Life Without Baby

Filling the silence in the motherhood discussion

The Blame Game November 12, 2012

Last week, a woman I’ve known for almost ten years finally decided it was safe to ask me a question about infertility.

“I wondered…” she began. “My grandmother always used to say that when there are cats in the house, women don’t have babies. I didn’t believe it and thought it was just an old wives’ tale, but recently I’ve noticed that many of the women I know who don’t have children have cats. Do you know anything about this?”

I told her I hadn’t heard of this, that it was most likely just superstition, but that I’d look into it and let her know.

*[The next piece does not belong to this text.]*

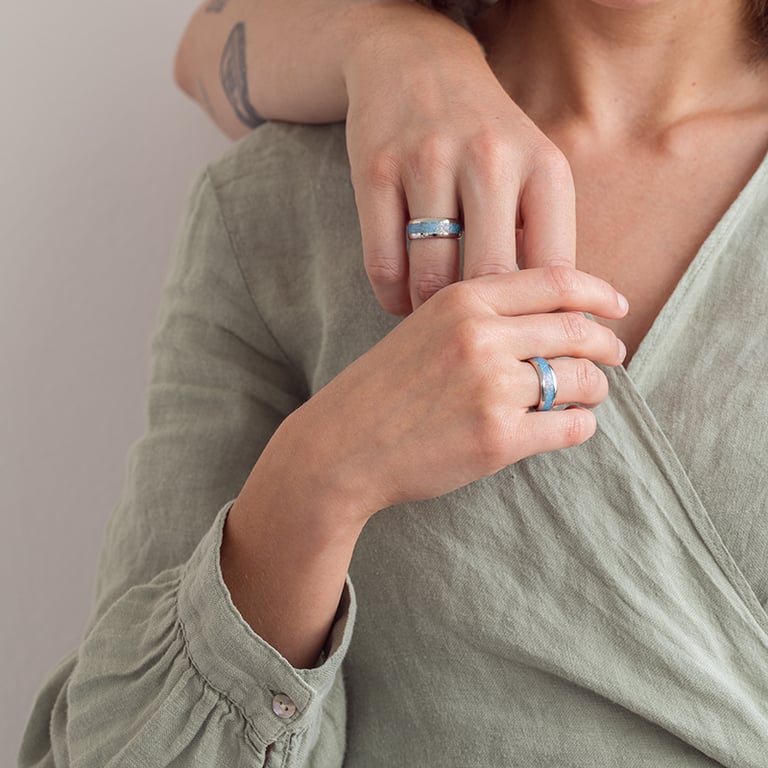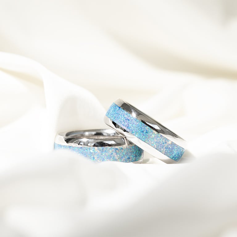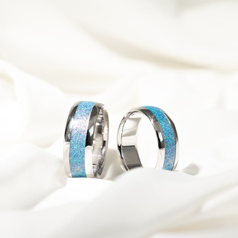Goldene Eheringe mit blauer Opalfüllung Sariah

But even as the logical part of my brain was writing the idea off as a misguided belief, and even as I was surfing the internet looking for any shred of scientific evidence to support it, I found myself looking sideways at Felicity, my poor unsuspecting cat, and wondering if she could be the cause of my otherwise unexplained infertility.

It’s been a while since I’ve caught myself playing the Blame Game—taking some irrational idea and trying to twist it into an explanation of why I can’t have children. I did it a lot in the early days, racking my brains for something in my past that I could pin my infertility on. Everything from Chernobyl fallout and birth control to too much computer time and too much wine was put under the microscope as a possible culprit. I refused to believe that it could have been “just one of those things.”

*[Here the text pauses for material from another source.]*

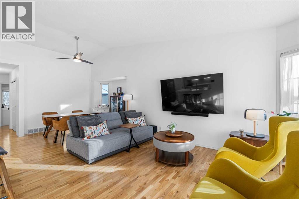 A rare opportunity to own in this highly sought-after complex in the community of Harvest Hills. This immaculate bungalow villa is ideally suited for empty nesters and offers an attached single garage with a paved driveway providing additional parking. This property is not a condominium. Affordable monthly HOA fees of $231 include snow removal, landscaping and lawn care, common area maintenance, common insurance, and professional management. Located in a quiet and desirable 55+ age-restricted community where homes are seldom available, this residence demonstrates exceptional pride of ownership. Numerous recent upgrades include brand-new roof shingles (2025), brand-new eavestroughs (2025), a water pressure monitor (2025), comprehensive Poly B pipe replacement throughout the property (2022), a reverse osmosis system (2022), fresh paint throughout (2022), quartz countertops throughout (2022), an upgraded 800 CFM hood fan (2022), a new kitchen skylight (2024), and upgraded kitchen lighting (2026). Situated on a peaceful cul-de-sac, the home features a bright and open-concept main floor with vaulted ceilings in the living room, dining area, and kitchen. The recently renovated gourmet kitchen is beautifully appointed with quartz countertops, a glass subway tile backsplash, under-cabinet lighting, a powerful hood fan, and a generous pantry—ideal for both daily living and entertaining. Natural oak hardwood flooring and abundant natural light enhance the main level throughout. The main floor offers 944 sq. ft. of thoughtfully designed living space, including two bedrooms and a 4-piece main bathroom. The spacious primary suite features a walkthrough closet, while the generous second bedroom includes a large window and an exterior French door leading to a full-width deck overlooking the backyard and adjacent green space. The fully developed basement provides a large family/recreation room with a cozy free-standing fireplace, a spacious bedroom, a 3-piece bathroom, ample storag e, and built-in shelving in the laundry/utility area. The recreation room can easily be reconfigured to accommodate a fourth bedroom, if desired. Enjoy quiet summer evenings on the private deck, take in beautiful sunsets, and even admire the Northern Lights from the comfort of your home. This exceptional property offers a serene setting with easy access to public transit and convenient routes to Country Hills Boulevard, Deerfoot Trail, and Stoney Trail. Located within minutes to T&T Supermarket, Tim Hortons, McDonald’s, Superstore, Sobeys, and much more! Be sure to view the Virtual Tour for a complete experience. Don’t miss this opportunity to own this Beautiful Home! (id:6769)

The scientist in me won’t allow fate, God’s will, or bad luck to factor into my infertility. There is a biological reason that my body’s reproductive system got old before the rest of me, and why my ovaries don’t function like they’re supposed to. But like so many other things in life, pinning blame on something or someone doesn’t change the outcome. So, I’m choosing not to expend my energy on finding the culprit, but instead I’m putting my efforts into making the best of the hand I’ve been dealt.

Call me fatalistic, but playing the Blame Game feels like a waste of my valuable time—time that could be spent living my life instead.

 

Whiny Wednesday: Cell Phones November 7, 2012

By Kathleen Guthrie Woods

A local yoga teacher got fired for asking a student to turn off her cell phone in class. (Read the full article here.) The class was held at Facebook offices, so the argument was made that constantly checking her phone was part of the student’s job responsibilities, but others jumped into the fray and pointed out that she wasn’t saving the world. President Obama may need to be on call 24/7, but the rest of us can tune out for 50 minutes without serious repercussions. Seriously. Or, if it is that important, step outside and take the call where it won’t disrupt others.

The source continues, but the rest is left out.